July 8 (UPI) -- The COVID-19 pandemic has not rattled too many socially responsible investors into being conservative with their money, a new survey showed Wednesday.
The poll by Gallup and Wells Fargo shows that sustainable investments, or transactions motivated by both financial and utilitarian or social interests, did not decline too steeply in the weeks that followed the start of the health crisis.
Before the pandemic, 52 percent of all investors expressed interest in sustainable investments. In the middle of May, several weeks into the crisis, that figure had fallen by only 6 percent.
"Sustainable investing, also known as socially responsible or social impact investing, refers to investing in companies or funds that are aligned with one's social or political values," Gallup noted.
"Even though the market has partially recovered, its sharp decline earlier this year could conceivably have weakened investors' interest in sustainable investing, forcing them to focus more on their investments' risk level and potential for growth than on societal goals. That does not seem to have happened.
"Investors showed nearly as much interest in May in the concept of sustainable investing as they did in February, when the market was soaring."

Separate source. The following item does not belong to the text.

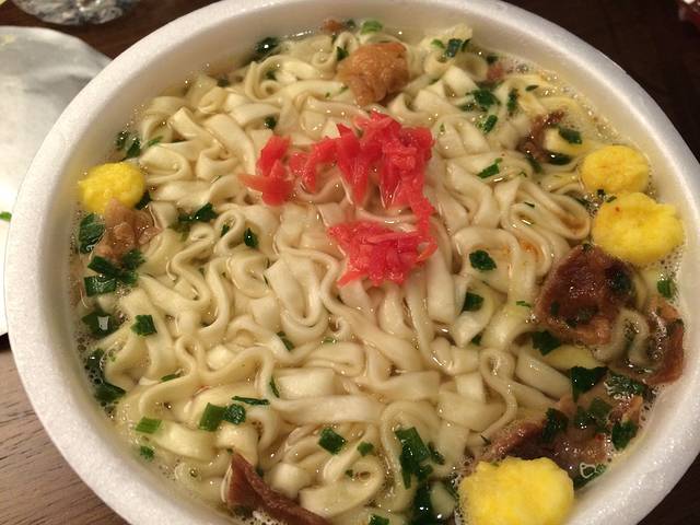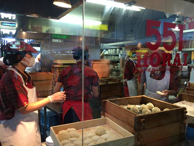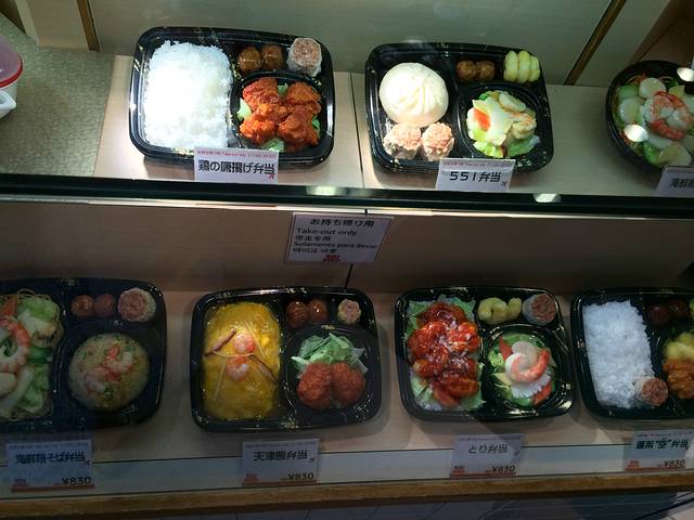 拿到行李以后发现机场出口就有一个蓬莱包子551。上次在大阪时间太短没有吃上,这次赶紧补上。因为中午也没吃饭,所以和老妈决定先吃了饭再去酒店。我看很多人在排队所以我也一起排着了。其实排队的是外卖打包的,店里可以直接点餐,价格不一样,外卖的东西不允许在店里吃。我以为要在这里点餐在店里吃呢,哈哈。结果害得我们在店里吃的面条,包子只能拿到酒店才吃了。老妈觉得它家的汤面很不错,因为有白菜。我点的那个拌面不好吃,全是淀粉!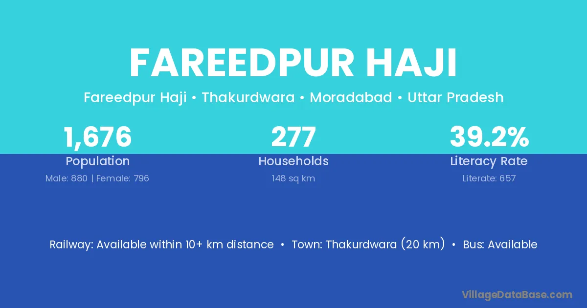 Thakurdwara (20 km) is the nearest town to Fareedpur Haji village for major economic activities and is located approximately 20 km away.

Democrats (67 percent), women (52 percent) and employed Americans (52 percent) are most likely to have an interest in sustainable investing, the survey showed. The corresponding figures were 23 percent for Republicans, 39 percent for men and 35 percent for retirees.
Researchers said the next survey on sustainable investing may show additional strength, due to ongoing racial and equality movements.
"It's possible that the greater national focus on racial injustice since May has further increased investors' general interest in socially responsible investing, as well as their specific interest in funds focused on racial justice."
Gallup polled nearly 1,100 investors for the survey, which has a margin of error of 5 points.